Is the asynchronous API design useful enough to warrant more complex
I'm not sure, but I think that whatever decision we take should be
made based on actual usage of the DS. What about proposing an example
of how an existing activity would be modified to use the new API?
OK, will work on one.

 - For save() calls activity needs to wait for result (containing new    version_id) before it can invoke save() again for the same object    which can take quite some time if save() is sync - especially if other
   activities are saving at the same time.
What about having a separate call that returns synchronously a new
tree_id and/or version_id?
Interesting idea, need to think about it. As we're going to use UUIDs not using requested versions shouldn't be an issue (for other version number schemes like the one you propose below "holes" in the numbering could be troublesome).

Making the API fully asynchronous is the cause for much of the complexity of my proposal, but if we eliminate the queueing the response times for write accesses and checkout() can be very long even for unrelated operations.
Why for unrelated operations?
Because we're serializing VCS operations. They are IO bound (more specifically: disk bound) and parallelisation would only lead to IO starvation, especially for HDDs.

# do we want an optimized way to determine (only) the branch HEADs of
a given tree_id?

This depends on the intended UI. My opinion is that if we branch at
every interesting modification (triggered by the activity detecting an
interesting change or by the user clicking on the Keep button), we
would like to display in the object list all the HEADs of each branch
in each tree_id. In that case yes, we need a way to retrieve that list
that is fast on both the client and the server side.
My imagined usage of branches was to create them automatically upon altering a non-HEAD version. A user basing off an old version could mean the newer version is "broken" (in that case promoting the new version to the HEAD of the current branch makes more sense) or that (s)he uses the older version as a kind of template to create derivates (so creating a branch would make most sense). But I'm open to alternative suggestions. We'd most likely need a way to explicitly create branches then.

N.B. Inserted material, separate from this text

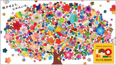 クレパスⓇ発売100周年記念 Webページでは、クレパスⓇのユーザーのみなさんからのお祝いメッセージやクレパスⓇの100年の歴史、今後のイベント情報も随時更新していきます。メインビジュアルの大きな桜の木は、サクラクレパスの社員やそのご家族が思い思いに描いた桜を1つひとつデザインに落とし込み、1本の大きな桜の木をつくり上げました。人々の表現の多様性と描画材料としての無限の可能性を感じさせるビジュアルです。

# using symlink instead of hardlink for "incoming" queue since we want
to support directory trees, not just files

What justifies this new requirement?
That it's
a) of use to activities (IIRC some of them use ZIP files right instead now),
b) easy enough to achieve with the new design and
c) leads to better delta compression and thus disk space effiency.

# since an index rebuild can take a lot of time we need to provide UI
feedback while doing that

Any I/O operation can potentially take a lot of time, but with the
current version of the DS rebuilding an index with a few thousands of
entries is not so slow on the XO. We should never need to rebuild the
index, so this new requirement might not be justified (given the
current resources, all the other work we need to do, etc).
OK, good to know index rebuilding is fast. So the simple, boolean API I proposed (check_ready() / Ready()) suffices.

# detecting identical files across objects isn't as important since
duplicates are mostly expected to occur as versions of the same object

Based on how current activities are using the DS, this isn't like
The most common case I have heard from the field are children
downloading a PDF for reading several times.
Oh, didn't know that, so it's a new requirement.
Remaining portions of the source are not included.